TSX posts gains, Nov. 10-14

The S&P/TSX Composite Index posted its fifth straight week of gains, buoyed in part by strong economic data showing manufacturing sales in Canada climbed 2.1% to $53 billion in September, compared with a 3.5% drop in August. The S&P/TSX Composite Index advanced 152.27 points, or 1% to 14,843.10, while the S&P/TSX Capped Diversified Metals & Mining Index advanced 17.6 points, or 2.52%, to 715.31, and the S&P/TSX Global Gold Index climbed 2.88 points, or 1.99%, to 147.74. The gold spot price rose US$10 to US$1,188.50 per oz. 

B2Gold’s shares were the most actively traded and fell 3¢ to $1.93. The company reported a US$274.1-million net loss (negative 39¢ per share), mainly due to non-cash impairment charges at its Masbate mine in the Philippines and its Gramalote joint-venture in Colombia. Consolidated gold production in the third quarter reached 90,192 per oz. (9% less than the same quarter in 2013), at cash-operating costs of US$732 per oz. and all-in sustaining costs of US$1,117 per oz. Production in the quarter was affected by issues with the the semi-autogenous grinding mill at Masbate and installation delays of a dewatering system at its Limon mine in Nicaragua. Cash flow from operating activities before changes in working capital reached US$27 million, or 4¢ per share, and the company ended the quarter with US$179 million in cash. B2Gold forecasts 2014 production of 380,000 to 385,000 oz. — lower than its original forecast of 395,000 to 420,000 oz. — and expects all-in sustaining costs will be near the higher end of its guidance range of US$1,025 and US$1,125 per oz. The first gold pour at its Otjikoto mine in Namibia is expected in mid-December.

Shares of New Millennium Iron jumped 42.1% to 27¢. The junior — which owns 20% of the DSO project (Tata Steel owns 80%) — announced rail haulage on Genesee & Wyoming’s newly built KéRail spur line that services the DSO project.
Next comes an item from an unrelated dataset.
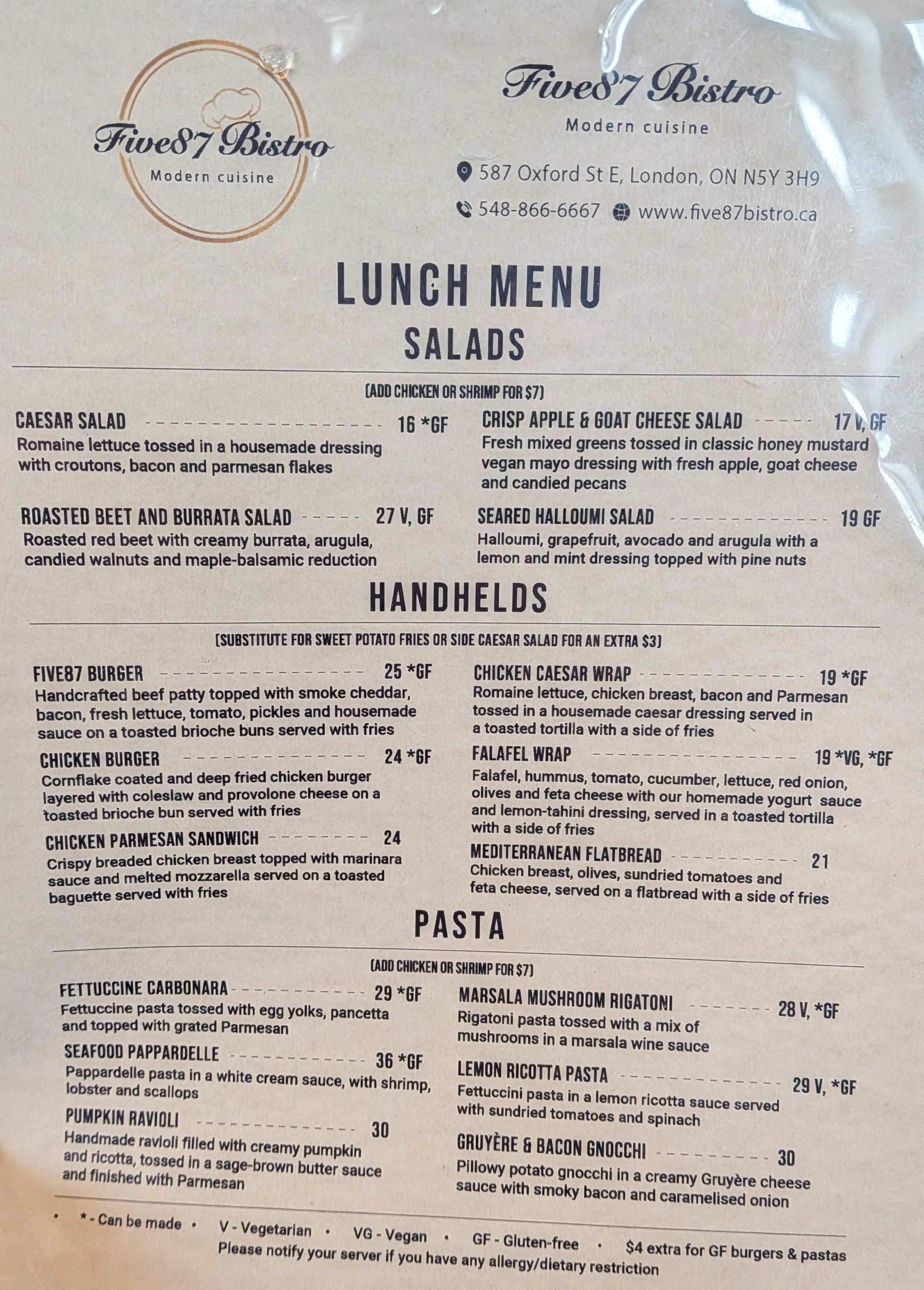 The Carbonara costs $29 CAD at this pretty nice restaurant in London, Ontario. The seafood pasta with cream sauce was what 3 people at the table ordered. It was slightly cheaper than the seafood pasta being served elsewhere around town, which often costs between $36 CAD and $40 in London, Ontario.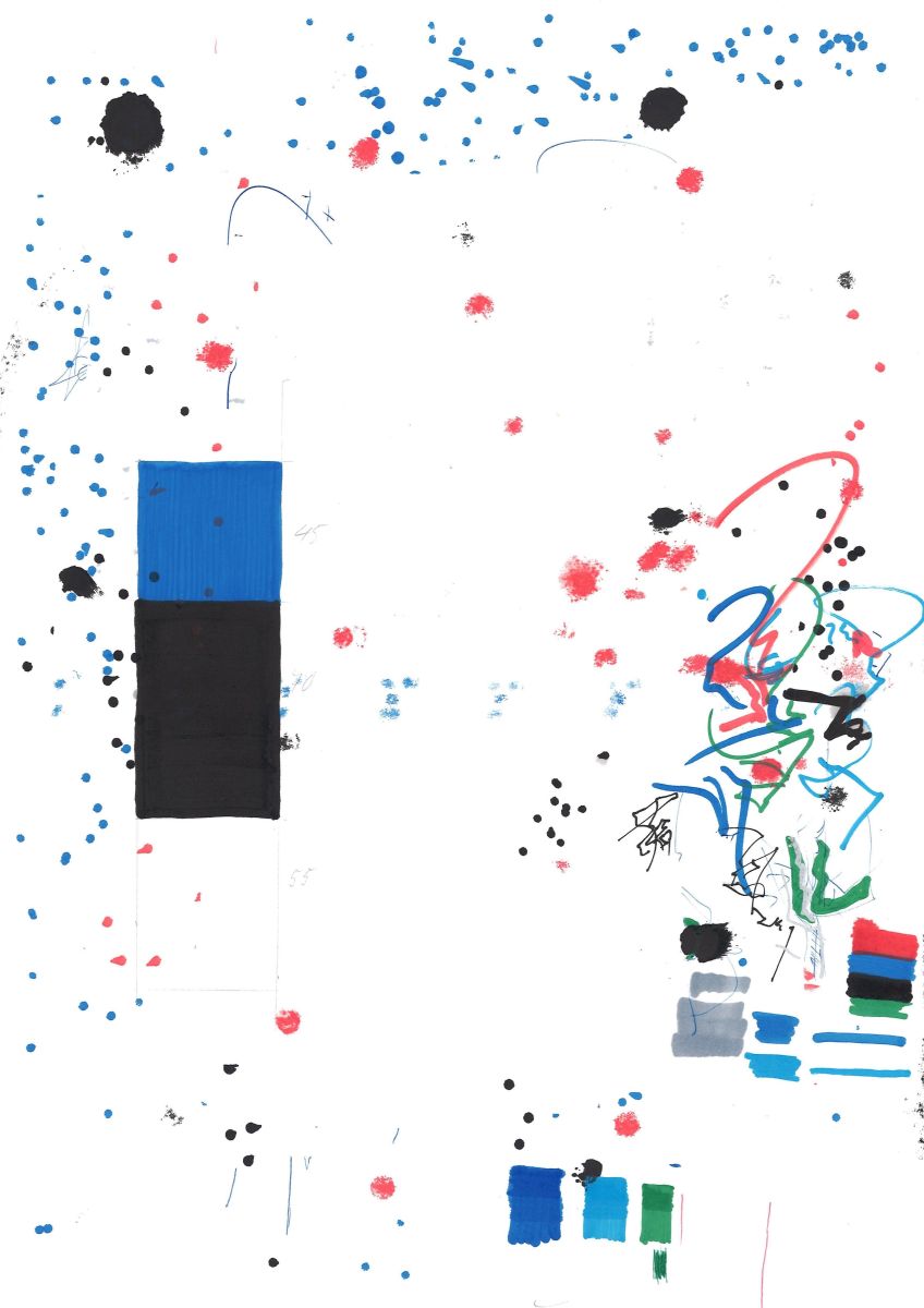 Kugelschreiber und Lackstift auf Papier

The spur line will allow Tata Steel to complete the DSO project, New Millennium said on Nov. 12. The company reported that the crushing and screening operation is fully established and the processing plant for producing higher-grade fines is 80% complete.

Silver Wheaton increased $1.42 to $22.80 per share. The company reported attributable silver-equivalent production in the third quarter of 8.4 million oz., down 7% from the 9.1 million equivalent oz. silver it reported in the third quarter of 2013. After including the impact of a $68.2-million impairment charge related to its Mineral Park and Campo Morado silver interests, the company posted net earnings of $4.5 million, or 1¢ per share. Operating cash flow reached $120.4 million, or 34¢, with average cash costs of US$4.16 per oz. silver and US$378 per oz. gold. On a silver-equivalent basis, average cash costs decreased to US$4.59 per oz., compared with US$4.73 per oz. in the year-earlier quarter.